EcoSta 2021: Start Registration
View Submission - EcoSta2021
A0563
Title: Sparse common and distinctive covariates logistic regression: Classification method for high-dimensional multiblock data Authors:  Soogeun Park - Tilburg University (Netherlands) [presenting]
Eva Ceulemans - University of Leuven (Belgium)
Katrijn Van Deun - Tilburg University (Netherlands)

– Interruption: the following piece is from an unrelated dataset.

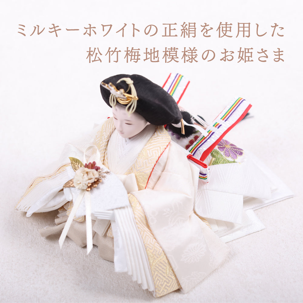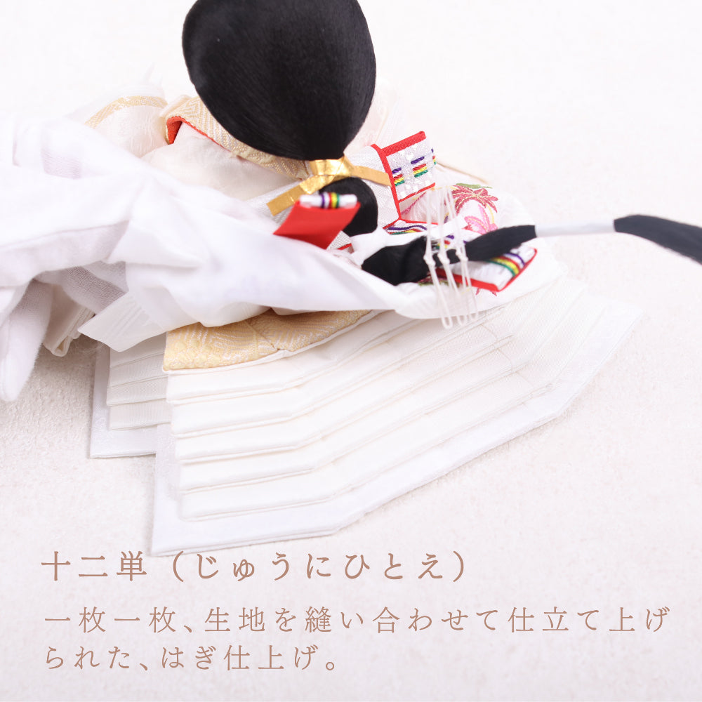 正絹は、100%絹から作られた生地で、「本絹」とも呼ばれます。蚕の繭を原料にし、複雑な工程を経て製造されます。絹糸を織って生地に仕上げることで、独特の光沢と滑らかな質感が生まれ、高級感のあるお人形が完成します。正絹は伝統的な工芸品に広く用いられ、その美しさが際立っています。

Abstract: Datasets comprised of large sets of variables from multiple sources concerning the same observation units are becoming more widespread today. Constructing a classification model in the context of such high-dimensional and multi-block datasets involves a multitude of challenges: variable selection, classification of the response variable and identification of processes at play underneath the predictors. These processes are of particular interest in the setting of multi-block data because they can either be associated individually with single data blocks or jointly with multiple blocks. Many methods have addressed the classification problem in high-dimensionality for a single block of data. However, the additional challenge of capturing and distinguishing distinctive and joint processes from multi-block data has not received sufficient attention. To this end, we propose Sparse Common and Distinctive Covariates Logistic Regression (SCD-Cov-logR). The method extends principal covariates regression to multi-block settings and combines with generalized linear modeling framework to allow classification of a categorical response while revealing predictive processes that involve single or multiple data blocks. In a simulation study, SCD-Cov-logR resulted in outperformance compared to related methods commonly used in behavioural sciences.